- Saved entries:
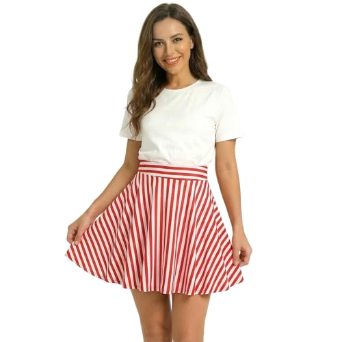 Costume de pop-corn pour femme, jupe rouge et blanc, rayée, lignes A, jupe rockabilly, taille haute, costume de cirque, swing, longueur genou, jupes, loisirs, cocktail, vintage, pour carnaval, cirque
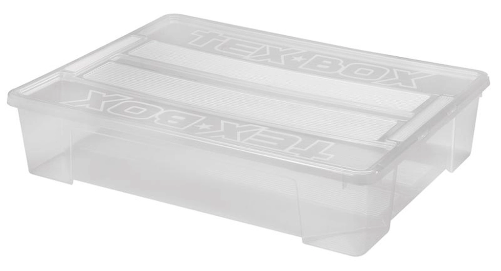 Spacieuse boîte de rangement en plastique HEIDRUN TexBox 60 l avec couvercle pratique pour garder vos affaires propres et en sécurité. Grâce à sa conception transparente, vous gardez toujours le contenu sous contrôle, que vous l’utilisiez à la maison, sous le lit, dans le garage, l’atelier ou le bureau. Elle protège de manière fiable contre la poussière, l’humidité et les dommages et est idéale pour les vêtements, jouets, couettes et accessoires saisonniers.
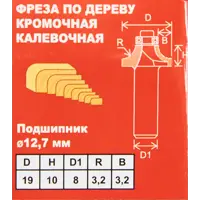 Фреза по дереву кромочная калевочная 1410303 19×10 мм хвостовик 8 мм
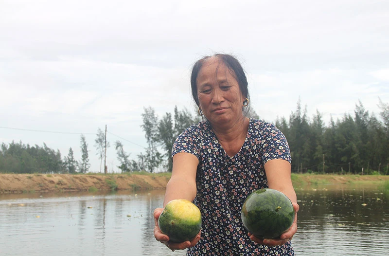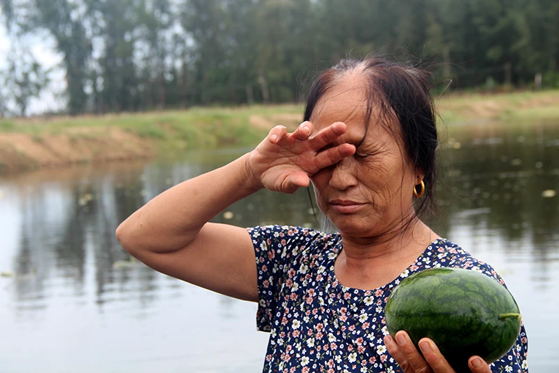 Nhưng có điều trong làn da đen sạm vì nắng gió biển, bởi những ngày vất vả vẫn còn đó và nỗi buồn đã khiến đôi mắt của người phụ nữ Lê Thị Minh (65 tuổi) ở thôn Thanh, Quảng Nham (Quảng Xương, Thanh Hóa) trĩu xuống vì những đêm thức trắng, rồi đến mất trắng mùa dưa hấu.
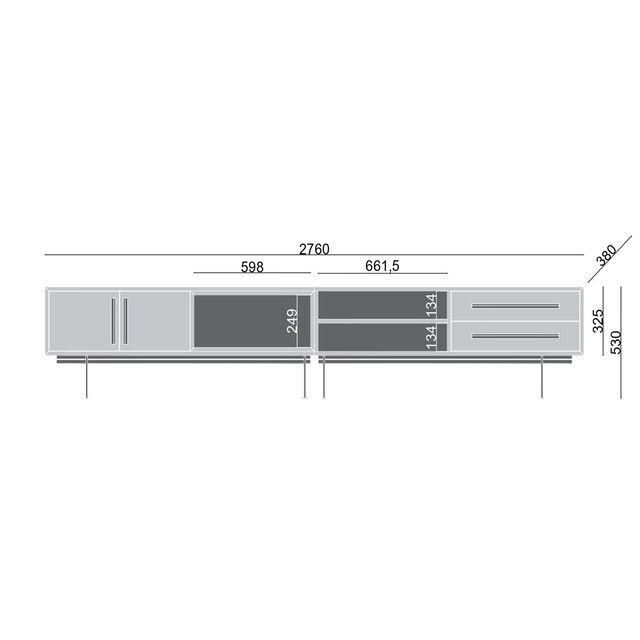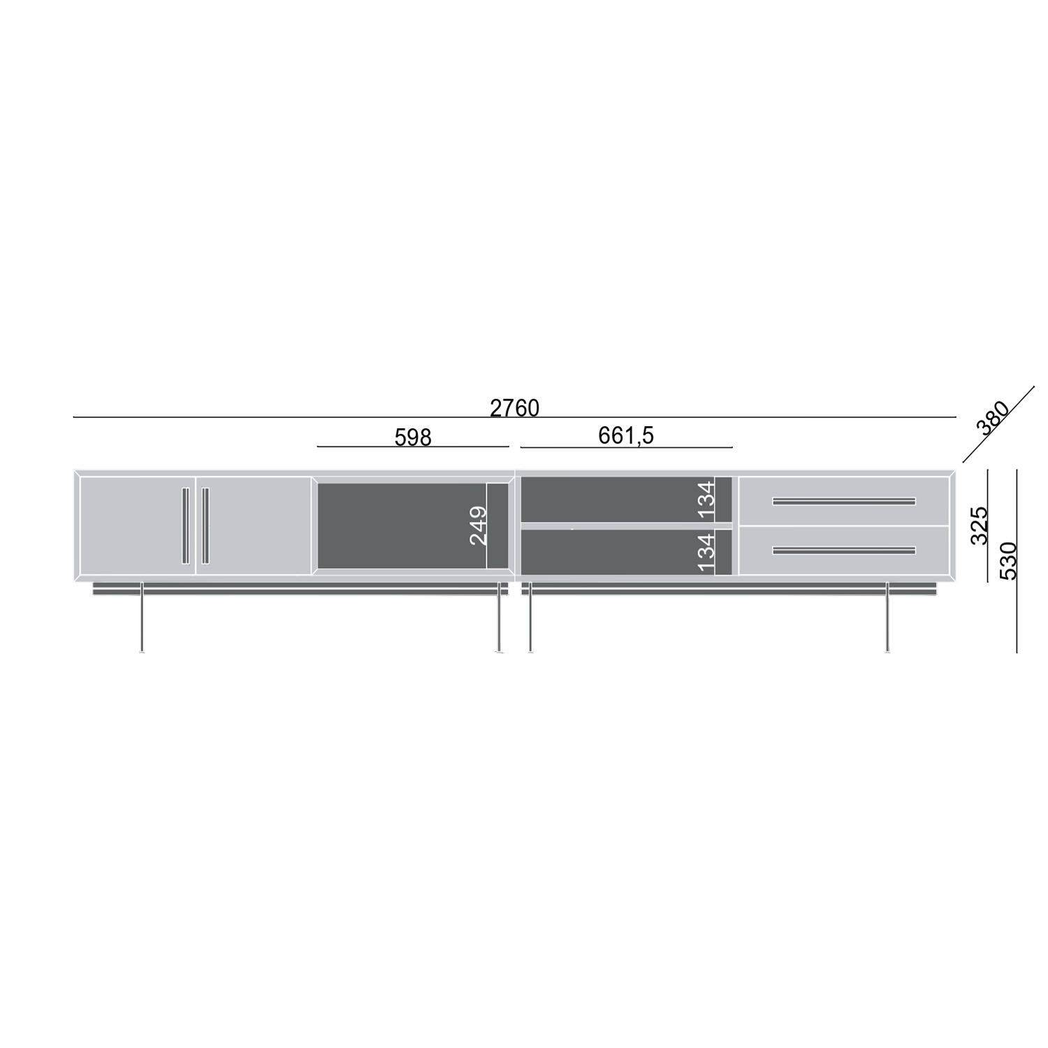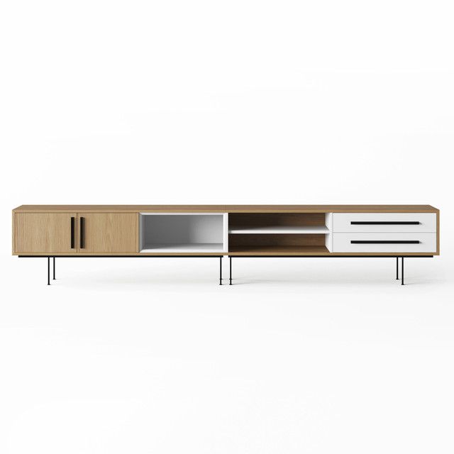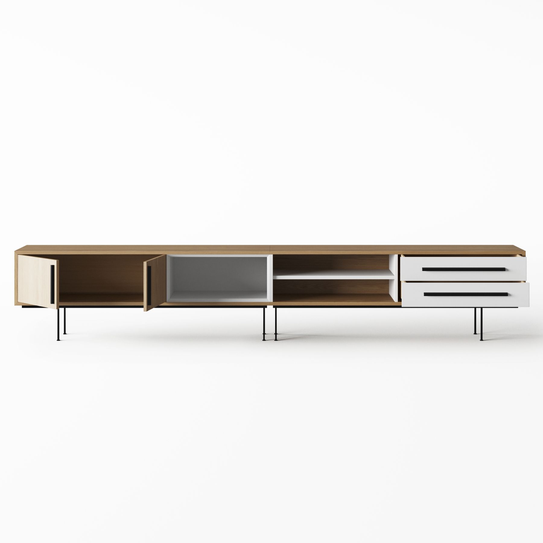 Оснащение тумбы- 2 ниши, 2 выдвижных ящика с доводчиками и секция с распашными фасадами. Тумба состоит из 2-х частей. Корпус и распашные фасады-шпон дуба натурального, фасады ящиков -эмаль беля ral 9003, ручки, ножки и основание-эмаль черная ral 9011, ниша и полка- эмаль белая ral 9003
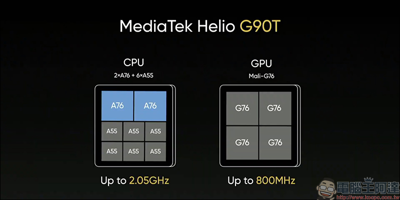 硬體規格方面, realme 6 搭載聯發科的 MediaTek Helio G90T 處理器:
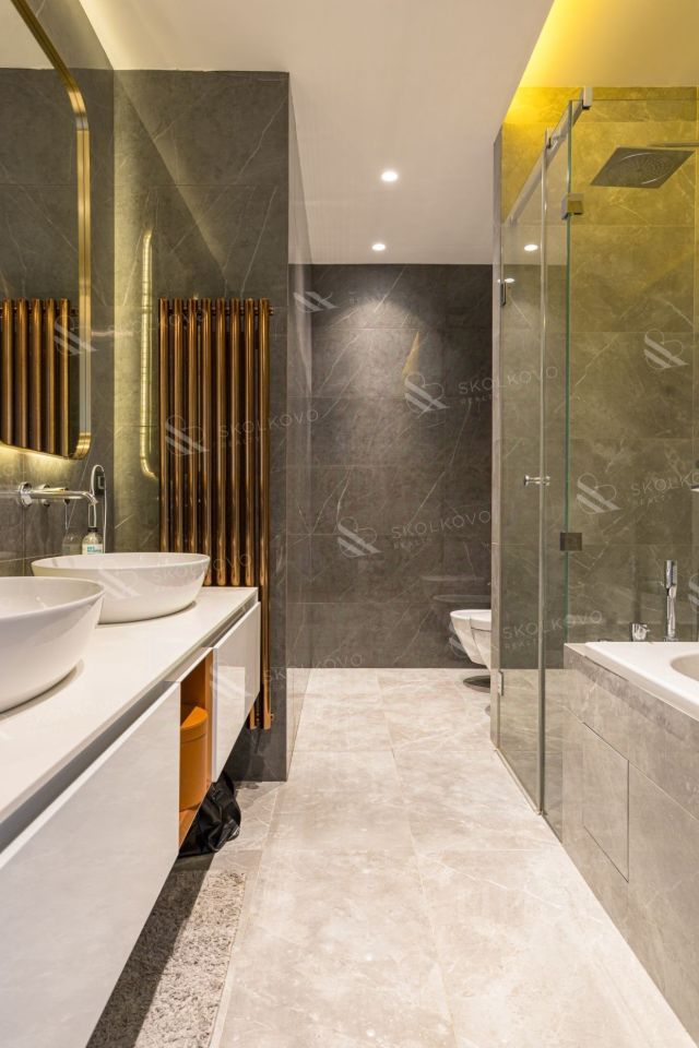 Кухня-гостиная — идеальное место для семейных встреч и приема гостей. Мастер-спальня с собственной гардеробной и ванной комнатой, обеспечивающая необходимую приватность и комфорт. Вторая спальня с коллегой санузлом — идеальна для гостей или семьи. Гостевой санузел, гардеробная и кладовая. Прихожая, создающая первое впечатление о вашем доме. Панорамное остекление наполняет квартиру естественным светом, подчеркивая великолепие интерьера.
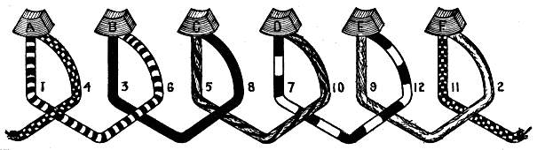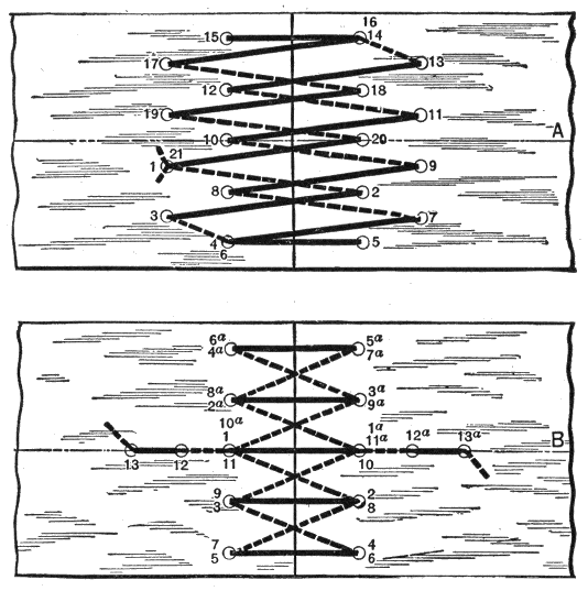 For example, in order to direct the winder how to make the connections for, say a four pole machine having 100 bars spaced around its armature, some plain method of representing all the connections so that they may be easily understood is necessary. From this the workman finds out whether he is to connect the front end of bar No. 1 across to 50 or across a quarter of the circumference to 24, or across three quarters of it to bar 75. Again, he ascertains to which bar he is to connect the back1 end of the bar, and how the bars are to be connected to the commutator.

- YOUR ASSIGNMENT:
Return only the lines that start at the line containing "Кухня-гостиная — идеальное" and finish at the last line of the entries, exactly as written and without pictures.

- ANSWER:
 Кухня-гостиная — идеальное место для семейных встреч и приема гостей. Мастер-спальня с собственной гардеробной и ванной комнатой, обеспечивающая необходимую приватность и комфорт. Вторая спальня с коллегой санузлом — идеальна для гостей или семьи. Гостевой санузел, гардеробная и кладовая. Прихожая, создающая первое впечатление о вашем доме. Панорамное остекление наполняет квартиру естественным светом, подчеркивая великолепие интерьера.
 For example, in order to direct the winder how to make the connections for, say a four pole machine having 100 bars spaced around its armature, some plain method of representing all the connections so that they may be easily understood is necessary. From this the workman finds out whether he is to connect the front end of bar No. 1 across to 50 or across a quarter of the circumference to 24, or across three quarters of it to bar 75. Again, he ascertains to which bar he is to connect the back1 end of the bar, and how the bars are to be connected to the commutator.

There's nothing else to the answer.